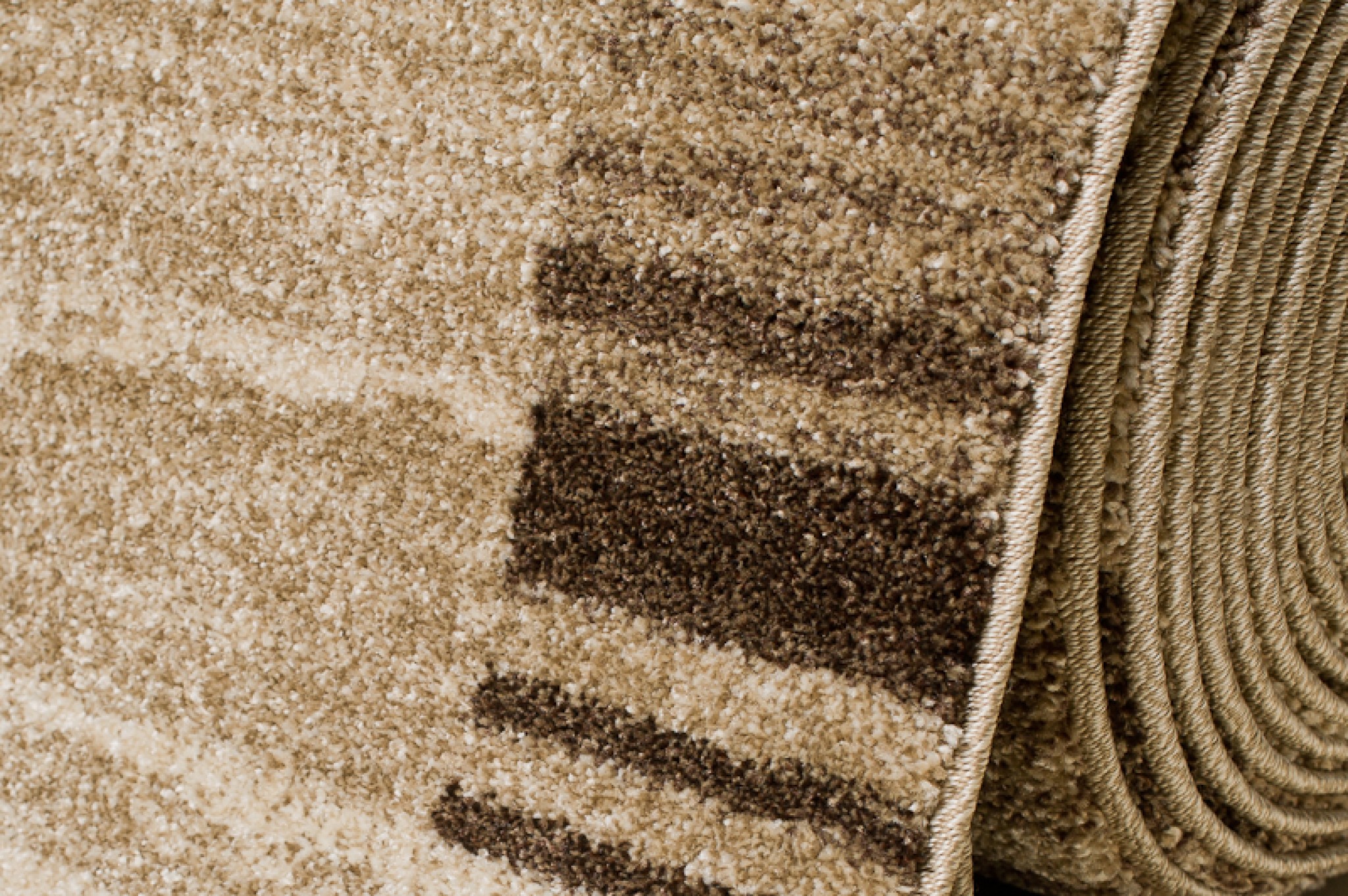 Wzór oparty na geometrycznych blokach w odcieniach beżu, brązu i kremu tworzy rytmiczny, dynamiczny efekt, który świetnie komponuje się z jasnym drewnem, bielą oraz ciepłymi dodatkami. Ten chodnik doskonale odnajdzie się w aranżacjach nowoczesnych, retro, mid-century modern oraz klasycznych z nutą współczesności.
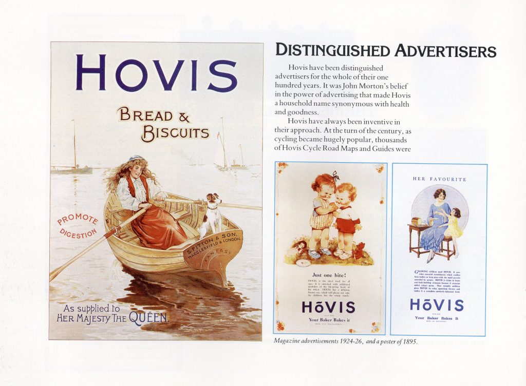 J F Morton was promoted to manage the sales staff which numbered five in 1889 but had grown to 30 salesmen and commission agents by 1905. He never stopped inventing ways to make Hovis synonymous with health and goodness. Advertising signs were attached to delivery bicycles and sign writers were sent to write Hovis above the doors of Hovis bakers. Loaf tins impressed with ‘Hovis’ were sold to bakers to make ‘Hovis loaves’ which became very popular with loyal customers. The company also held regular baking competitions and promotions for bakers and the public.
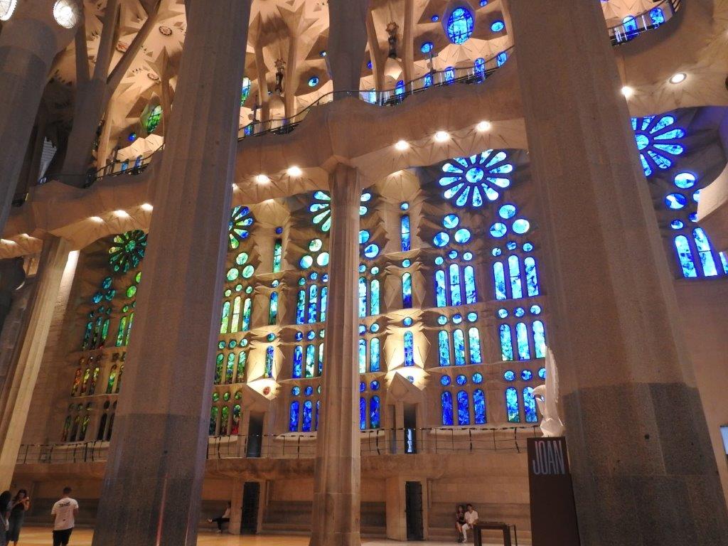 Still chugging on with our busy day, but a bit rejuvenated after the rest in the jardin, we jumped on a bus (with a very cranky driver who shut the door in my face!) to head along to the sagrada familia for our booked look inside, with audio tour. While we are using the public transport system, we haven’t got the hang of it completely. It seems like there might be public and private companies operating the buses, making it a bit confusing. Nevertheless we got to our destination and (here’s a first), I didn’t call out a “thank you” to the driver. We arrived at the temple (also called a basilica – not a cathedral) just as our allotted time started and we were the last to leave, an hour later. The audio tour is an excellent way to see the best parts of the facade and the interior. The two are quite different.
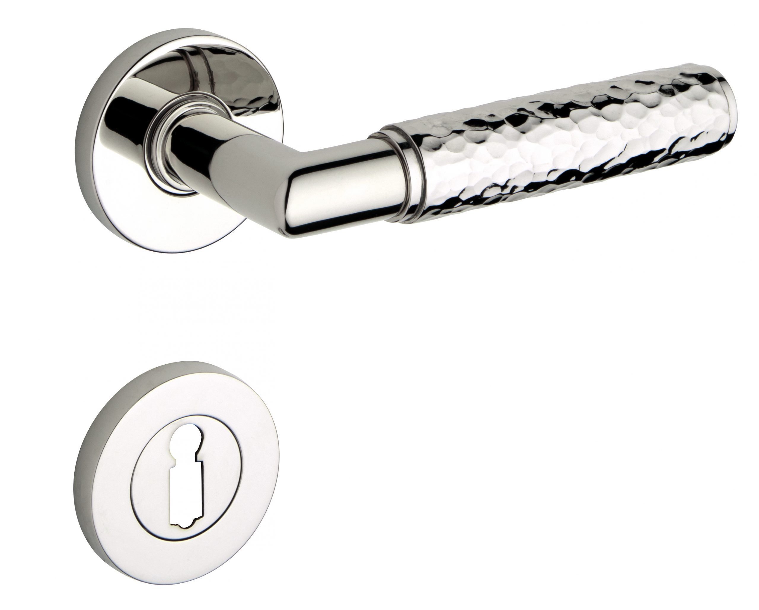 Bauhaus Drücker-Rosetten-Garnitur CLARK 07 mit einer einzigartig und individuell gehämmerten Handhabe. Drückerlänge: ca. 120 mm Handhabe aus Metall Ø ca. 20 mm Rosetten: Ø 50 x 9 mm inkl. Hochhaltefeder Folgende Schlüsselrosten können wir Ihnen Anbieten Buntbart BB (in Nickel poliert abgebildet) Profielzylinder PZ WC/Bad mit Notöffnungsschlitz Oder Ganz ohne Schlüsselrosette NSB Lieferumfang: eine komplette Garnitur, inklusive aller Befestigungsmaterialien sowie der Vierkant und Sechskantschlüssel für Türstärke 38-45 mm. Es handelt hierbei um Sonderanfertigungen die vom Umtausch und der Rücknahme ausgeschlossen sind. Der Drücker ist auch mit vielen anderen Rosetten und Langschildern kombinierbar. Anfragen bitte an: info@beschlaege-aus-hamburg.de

Exercise
Everything in the data above, apart from the pictures, should be retyped exactly.

Task response
 Wzór oparty na geometrycznych blokach w odcieniach beżu, brązu i kremu tworzy rytmiczny, dynamiczny efekt, który świetnie komponuje się z jasnym drewnem, bielą oraz ciepłymi dodatkami. Ten chodnik doskonale odnajdzie się w aranżacjach nowoczesnych, retro, mid-century modern oraz klasycznych z nutą współczesności.
 J F Morton was promoted to manage the sales staff which numbered five in 1889 but had grown to 30 salesmen and commission agents by 1905. He never stopped inventing ways to make Hovis synonymous with health and goodness. Advertising signs were attached to delivery bicycles and sign writers were sent to write Hovis above the doors of Hovis bakers. Loaf tins impressed with ‘Hovis’ were sold to bakers to make ‘Hovis loaves’ which became very popular with loyal customers. The company also held regular baking competitions and promotions for bakers and the public.
 Still chugging on with our busy day, but a bit rejuvenated after the rest in the jardin, we jumped on a bus (with a very cranky driver who shut the door in my face!) to head along to the sagrada familia for our booked look inside, with audio tour. While we are using the public transport system, we haven’t got the hang of it completely. It seems like there might be public and private companies operating the buses, making it a bit confusing. Nevertheless we got to our destination and (here’s a first), I didn’t call out a “thank you” to the driver. We arrived at the temple (also called a basilica – not a cathedral) just as our allotted time started and we were the last to leave, an hour later. The audio tour is an excellent way to see the best parts of the facade and the interior. The two are quite different.
 Bauhaus Drücker-Rosetten-Garnitur CLARK 07 mit einer einzigartig und individuell gehämmerten Handhabe. Drückerlänge: ca. 120 mm Handhabe aus Metall Ø ca. 20 mm Rosetten: Ø 50 x 9 mm inkl. Hochhaltefeder Folgende Schlüsselrosten können wir Ihnen Anbieten Buntbart BB (in Nickel poliert abgebildet) Profielzylinder PZ WC/Bad mit Notöffnungsschlitz Oder Ganz ohne Schlüsselrosette NSB Lieferumfang: eine komplette Garnitur, inklusive aller Befestigungsmaterialien sowie der Vierkant und Sechskantschlüssel für Türstärke 38-45 mm. Es handelt hierbei um Sonderanfertigungen die vom Umtausch und der Rücknahme ausgeschlossen sind. Der Drücker ist auch mit vielen anderen Rosetten und Langschildern kombinierbar. Anfragen bitte an: info@beschlaege-aus-hamburg.de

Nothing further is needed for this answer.